Григорий сделал два шага и, ухватившись за торчащий возле куклы рычаг, со всей силы утопил его в пол. Издав пронзительный визг генератор надул электричеством провода-щупальца и, словно спрут разметав их по комнате, принялся душить куклу. Та же в свою очередь вся затряслась и заискрилась, будто с каждой секундой ее подчинял невидимый демон. Рев сделался настолько страшным, что всем троим пришлось заткнуть уши. Поначалу Андрей еще как-то смотрел на куклу, но когда сверкнул и включился в работу “глаз насекомого” свет сделался настолько ярким, что начал ослеплять.

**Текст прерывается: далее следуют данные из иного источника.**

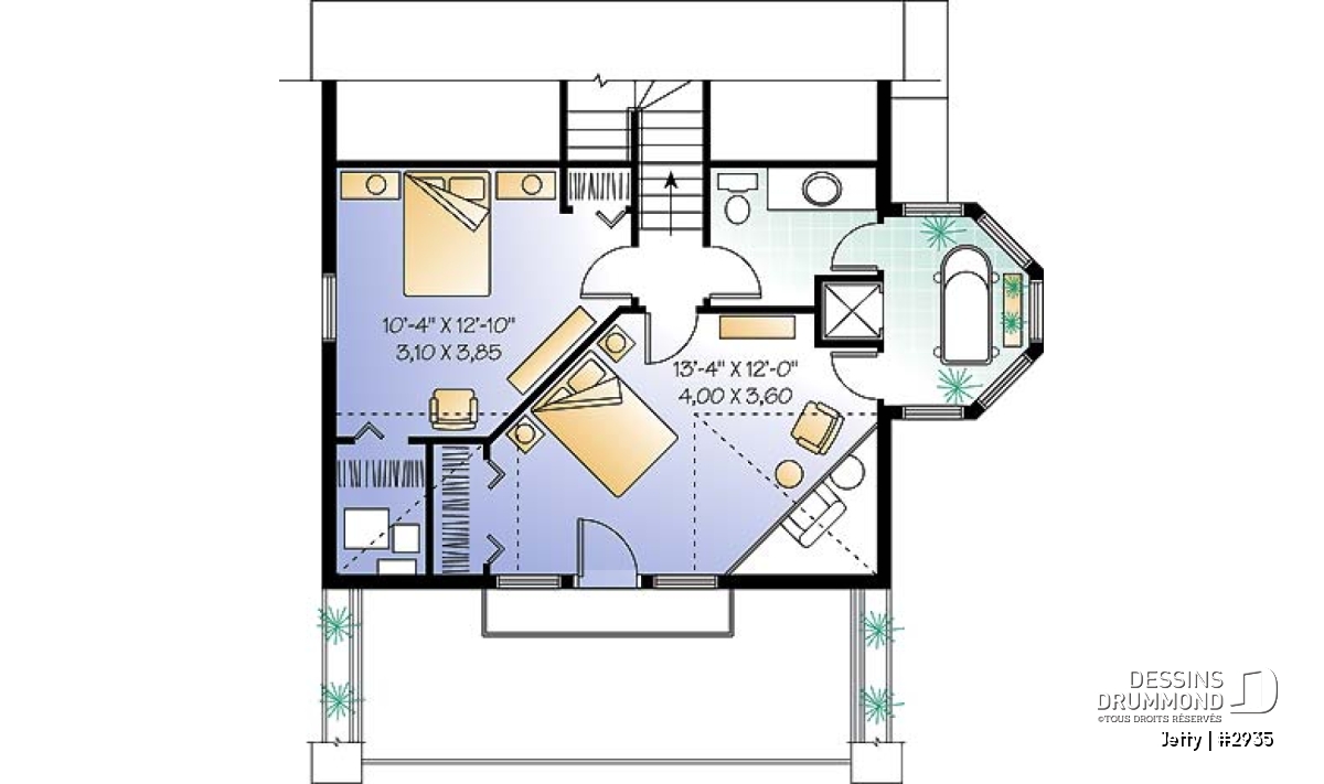 À l’intérieur, cette originalité se poursuit avec l’aménagement, au rez-de-chaussée, d’un vestibule de grand format, d’un secteur activités entièrement ouvert et agrémenté d’une fenestration abondante, d’un espace bain tourbillon dans la tourelle et d’une cuisine avec îlot-lunch central, un « must » dans ce genre d’habitation. À l’étage, ça se poursuit avec deux propositions dont une première suggérant deux chambres avec une salle de bain complète aménagée dans la partie tourelle et, une seconde, tout à fait exceptionnelle et suggérant une unique chambre des maîtres avec salle de bain éclatée et baignoire dans la tourelle. À noter ici que les deux propositions sont incluses au plan et que, pour chacune d’elles, des parties en mezzanine sont suggérées aux chambres de l’étage afin d’occuper ces espaces à plafonds en pente qui ne sont pas vraiment aménageables et ce, pour encore plus d’originalité.

Казалось еще немного и подвал разорвет от скопившегося в нем света, рева, шипения, едкого запаха жженой резины и криков профессора, но вспышка резко угасла, и сквозь заткнутые уши Андрей смог расслышать первый крик новорожденного мертвеца. То, что произошло следом, совершенно ошарашило Андрея. Неистово дергая оплавившимися руками, монстр принялся выговаривать трудноразличимые слова, голосом по звуку похожим на изжеванную пленку. Григорий, стоящий рядом с куклой, совсем забыл об излучателе и, не слыша голоса профессора, уставился на оживавшую на глазах куклу.

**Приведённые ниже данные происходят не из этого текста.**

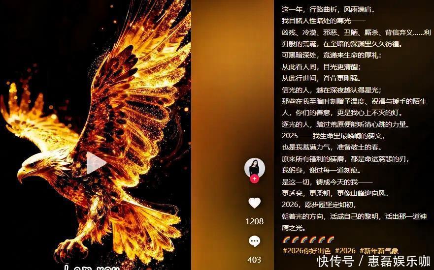 面对这些难听的话,杜星霖压根没理会,转头又发了一张金色雄鹰图,配了一大段鸡汤文感慨人生。她说过去这一年,见多了人性里的阴暗寒凉,也收获过陌生人的温暖善意,往后再看这人间,眼神会更清醒,往后再走人生路,腰杆会更挺拔。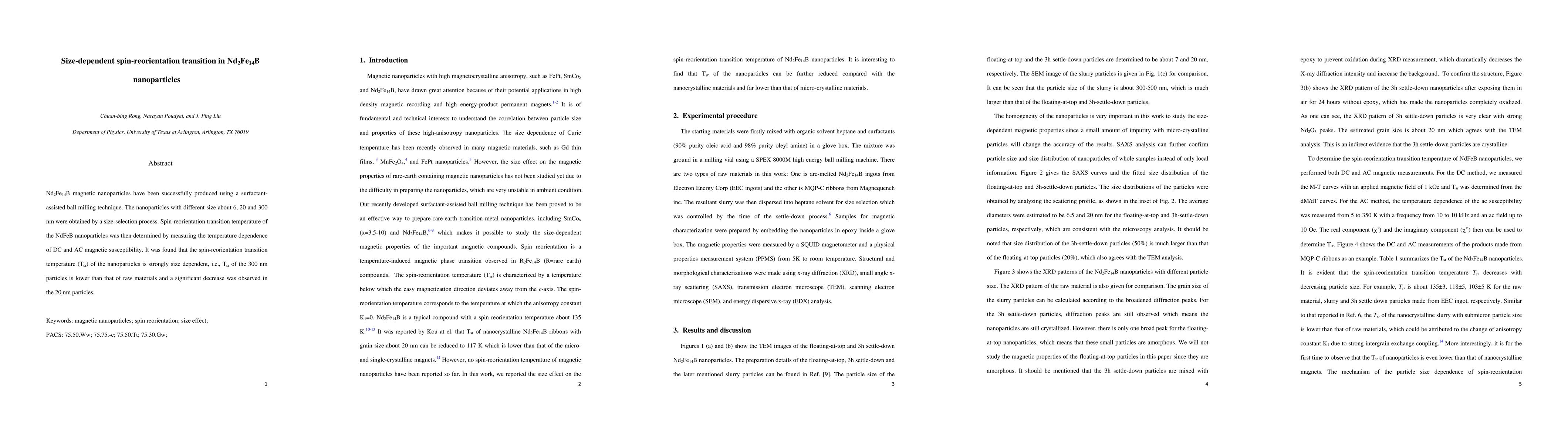 Nd2Fe14B magnetic nanoparticles of varying sizes were synthesized using surfactant-assisted ball milling. The size-dependent spin-reorientation transition temperature (Tsr) was found to decrease significantly with decreasing particle size, indicating a strong size effect on magnetic properties.

– Саве, саве и-е-е-и-и… а-ар-са, – сквозь отверстие во рту продирался электронный голос.
Заслышав речь, Вольский забыл обо всем и, вскочив с кресла, был похож на родителя, ошарашенного первыми словами ребенка.
– Получилось, не уж-то… – задыхаясь, прошипел он. Григорий! Григорий, получилось!
– Ар-са, рас-ля, тр-тр-р…
– Живой, – заключил Григорий, смотря, как кукла елозит на операционном поддоне – поразительно.
– Что-то не так, показания тока слишком низкое, – испуганно произнес Вольский и, подбежав к новорожденному, принялся осматривать обугленные от тока места.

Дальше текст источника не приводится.